Dataset excerpt »
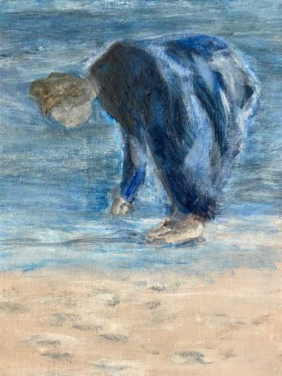Pinned to one of the inspiration boards I’d created in my home studio is this quote credited to Henri Matisse, “Don’t wait for inspiration. It comes while working.” My writing as work was not inspiring anything; so I switched gears and instead of writing started attending to my visual art. I reframed and reworked a few older pieces, prepped some canvases, did some drawing, and reorganized my studio, moving my easel and some supplies to different positions in the room. When I started to collate my photos and other papers, I found a few lovely blue pieces I had forgotten about. Blue is a color I am drawn to and I started to feel that shade working its magic. My creative juices warmed and the sputtering spark of my creativity strengthened. I knew I would use one of the blue photos as inspiration for a poem and a painted companion piece; and that is how Gathering Blue came to be.
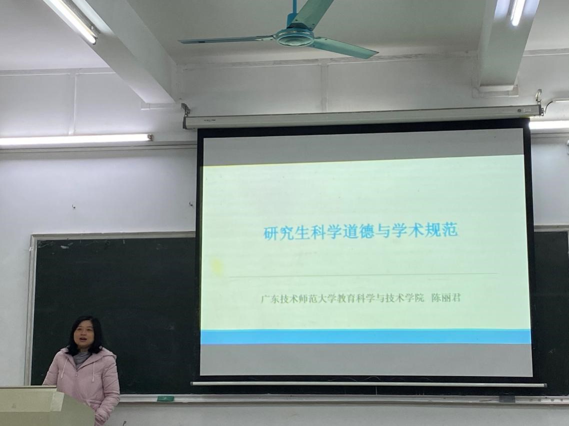 为提高TapTap点点研究生学术道德规范,提高研究生论文撰写自我管理能力,教育科学与技术学院于2021年1月11日下午在东校区第一教学楼205举行研究生科学道德与学术规范讲座,副院长陈丽君教授、研究生教学部主任伍国华、学生辅导员梁爽、研究生秘书刘品轩及全体全日制硕士研究生参加此次讲座。
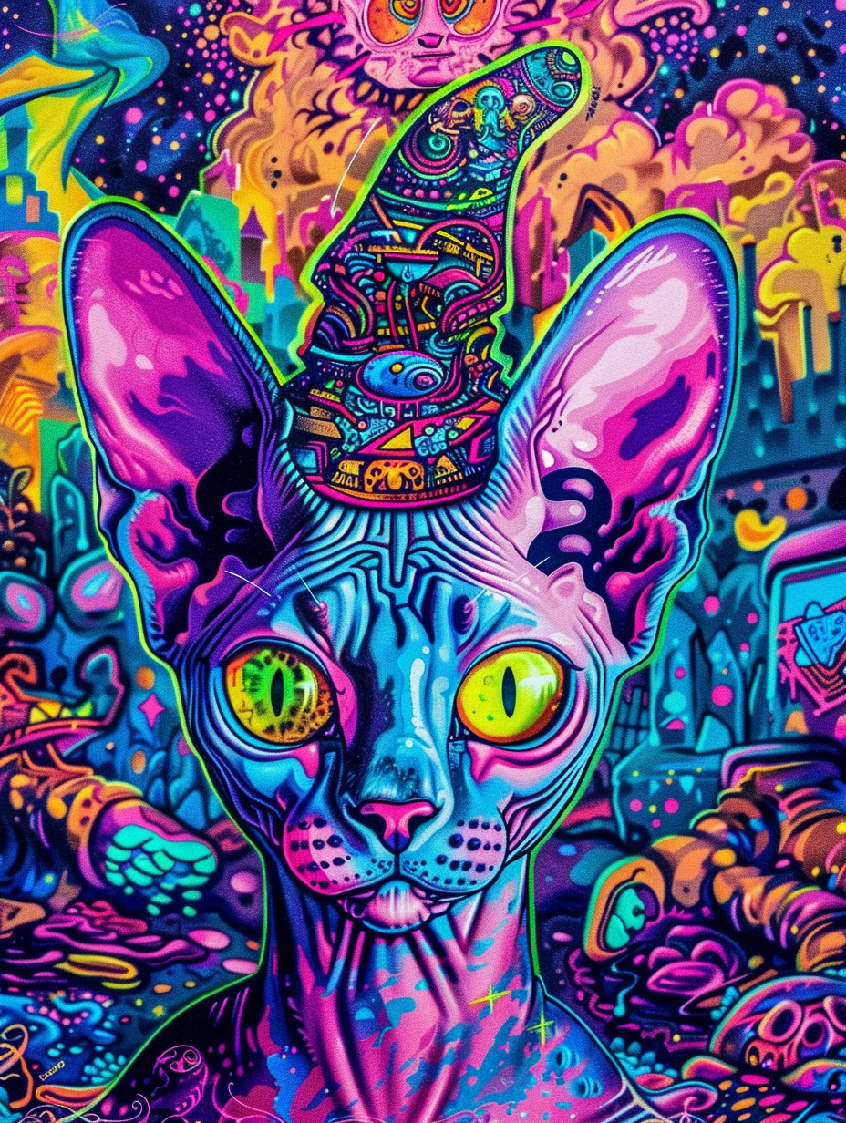 Colorful space Sphynx cat with a hat Expressive surreal Poster # F025300

Task » Set the material down exactly, images excluded.

Written response »
Pinned to one of the inspiration boards I’d created in my home studio is this quote credited to Henri Matisse, “Don’t wait for inspiration. It comes while working.” My writing as work was not inspiring anything; so I switched gears and instead of writing started attending to my visual art. I reframed and reworked a few older pieces, prepped some canvases, did some drawing, and reorganized my studio, moving my easel and some supplies to different positions in the room. When I started to collate my photos and other papers, I found a few lovely blue pieces I had forgotten about. Blue is a color I am drawn to and I started to feel that shade working its magic. My creative juices warmed and the sputtering spark of my creativity strengthened. I knew I would use one of the blue photos as inspiration for a poem and a painted companion piece; and that is how Gathering Blue came to be.
 为提高TapTap点点研究生学术道德规范,提高研究生论文撰写自我管理能力,教育科学与技术学院于2021年1月11日下午在东校区第一教学楼205举行研究生科学道德与学术规范讲座,副院长陈丽君教授、研究生教学部主任伍国华、学生辅导员梁爽、研究生秘书刘品轩及全体全日制硕士研究生参加此次讲座。
 Colorful space Sphynx cat with a hat Expressive surreal Poster # F025300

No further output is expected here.